A brief, frivolous, but fairly accurate history of Money - lackbeard
http://lupoleboucher.livejournal.com/76418.html

======
dpatru
> Money "going away" isn't necessarily a bad thing. Sometimes it serves a
> useful purpose. For one thing, when someone's money goes away, they tend to
> go out and do more work, creating actual wealth in the form of economic
> output, rather than parasitically living off of accumulated money. Inflation
> is a form of money "going away." High interest rates are another form of it.
> One of the reasons interest rates are at a historical low, is the minting of
> credit money by banks like Bear Stearns. So, you can think of the choice as
> shifting the price of volatility (or risk; yes, risk costs money -think
> about it for a minute) from interest rates to banks. This sucks for guys who
> work for the banks (me) which have to manage this risk, but otherwise, a
> pretty good deal.
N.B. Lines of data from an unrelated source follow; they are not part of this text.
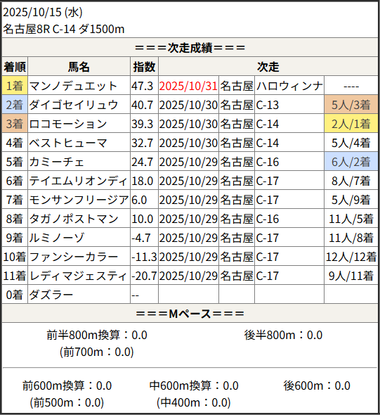 2025/10/31 名古屋10R ハロウィンナイト特別:結果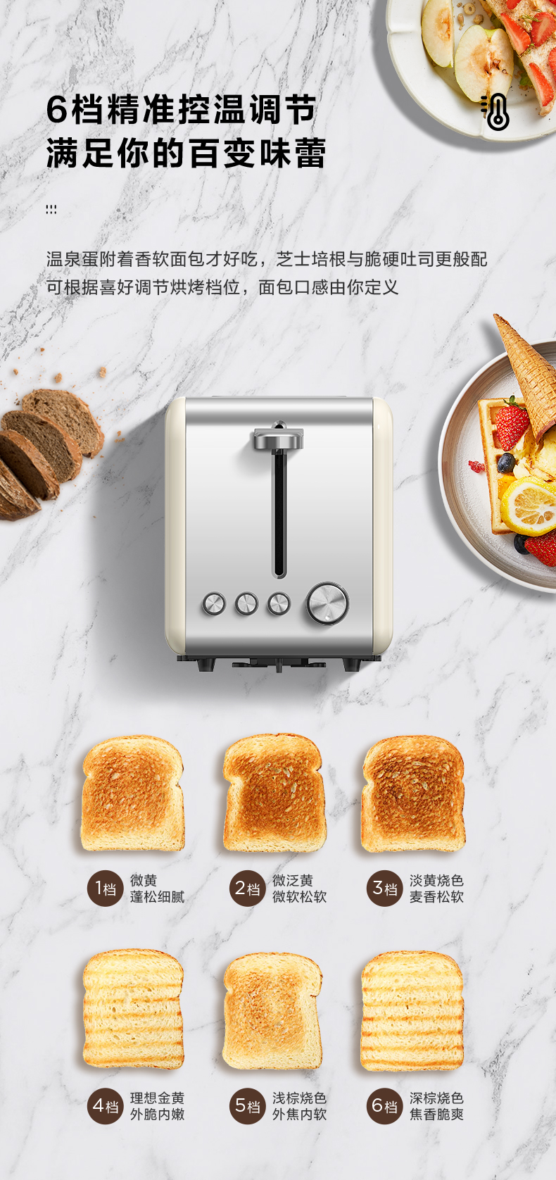 美的(Midea)多士炉面包机烤面包馒头片全自动家用小型不锈钢内胆吐司机食品级不锈钢机身R03 配烘烤架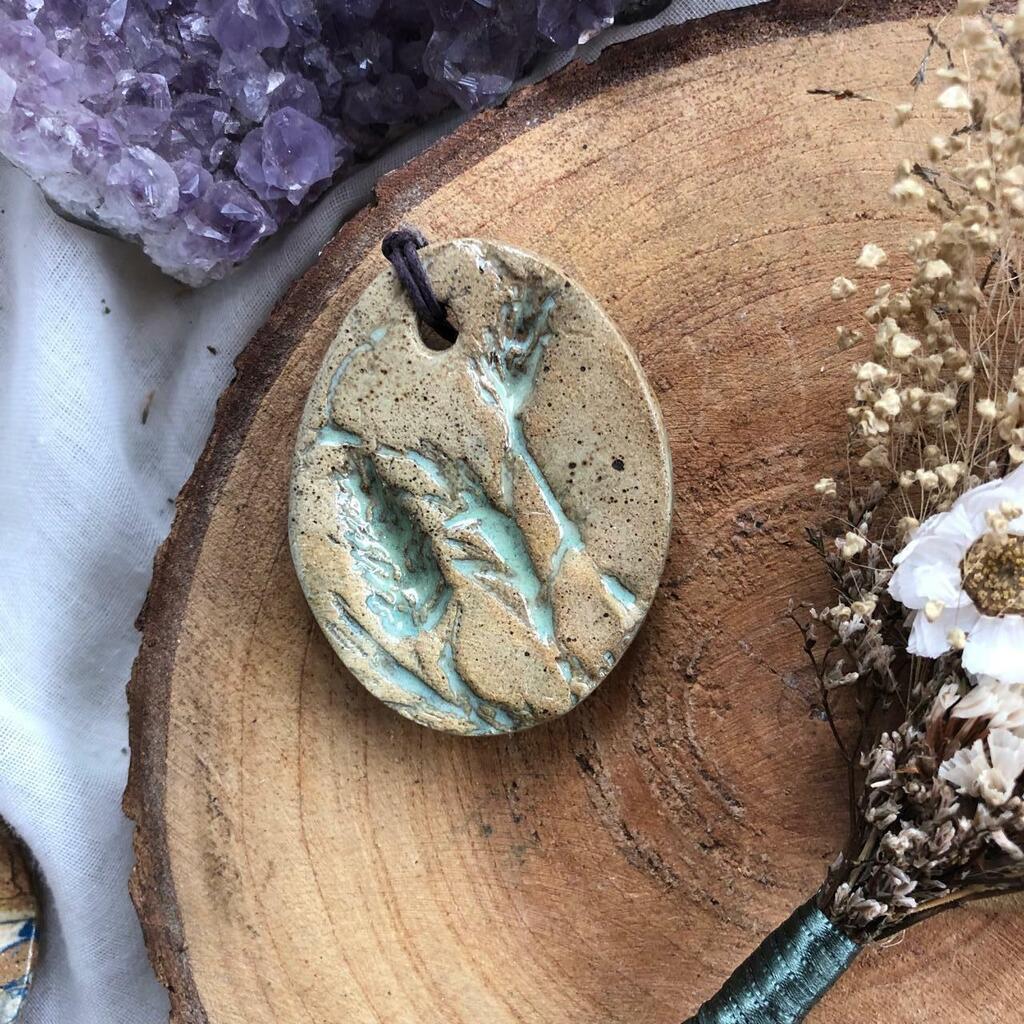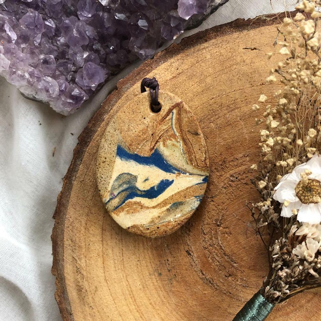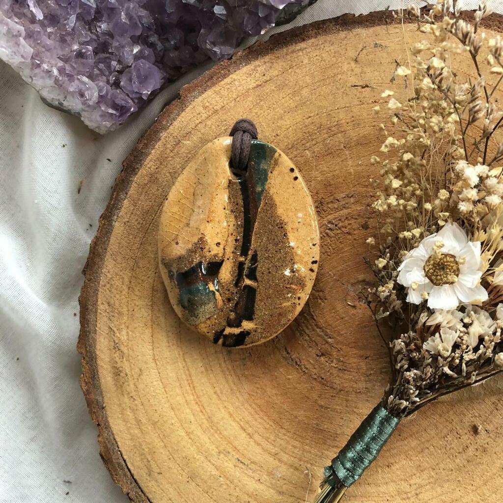 Pingente confeccionado em cerâmica com pintura esmaltada. Acompanha um cordão de algodão que pode ser utilizado como corrente.
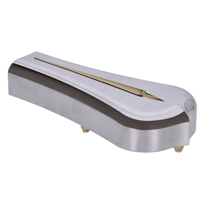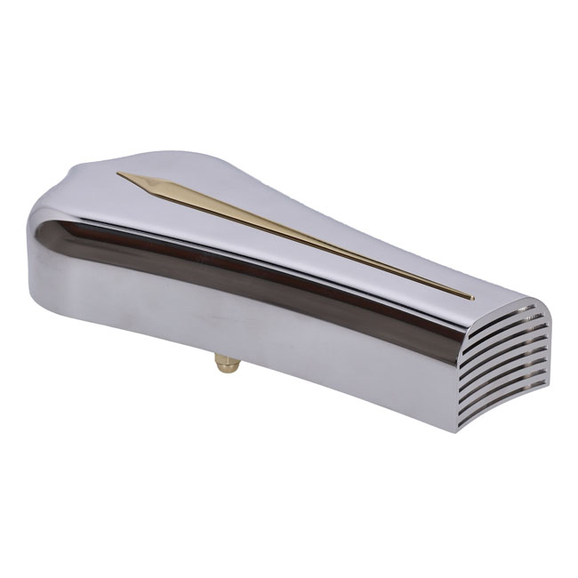 Polished aluminum housing with a central brass fin. Approx. dimensions: 220mm high x 100mm wide. Note: Not recommended for regular street use since this air intake housing is not equipped with a air filter element and no filter element is available.
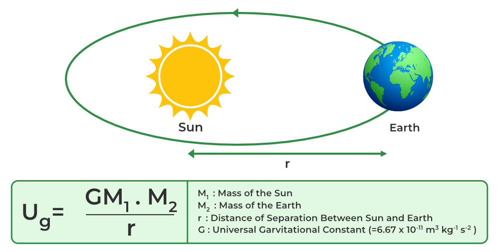 Equation: \( U_g = – \dfrac{G m_1 m_2}{r} \)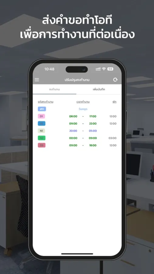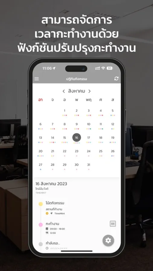 - ดูรายการกะทำงาน แสดงให้เห็นเป็นปฏิทินว่าตนเองเข้ากะทำงานใดในแต่ละวัน (มีการกำหนดกะทำงานล่วงหน้า)

Just like in the old days, the minting of credit money was
> a choice between not having an economy based on money, and worrying that you
> might wake up with worthless money.

Unless you're a banker or a government official, it's hard to agree with the
writer that working hard in return for worthless paper is "not necessarily a
bad thing" or that working hard and saving money in hopes of acquiring
financial independence is "parasitically living off the accumulated money."

------
josefresco
From the comments: "Privacy is overrated. Most people who worry about privacy
are compulsive masturbators who smoke too much dope. The rest are pedophiles."

Smart guy, maybe he can tour with Bush/Cheney on the speech circuit.

------
zenspider
do not feed the narcissist.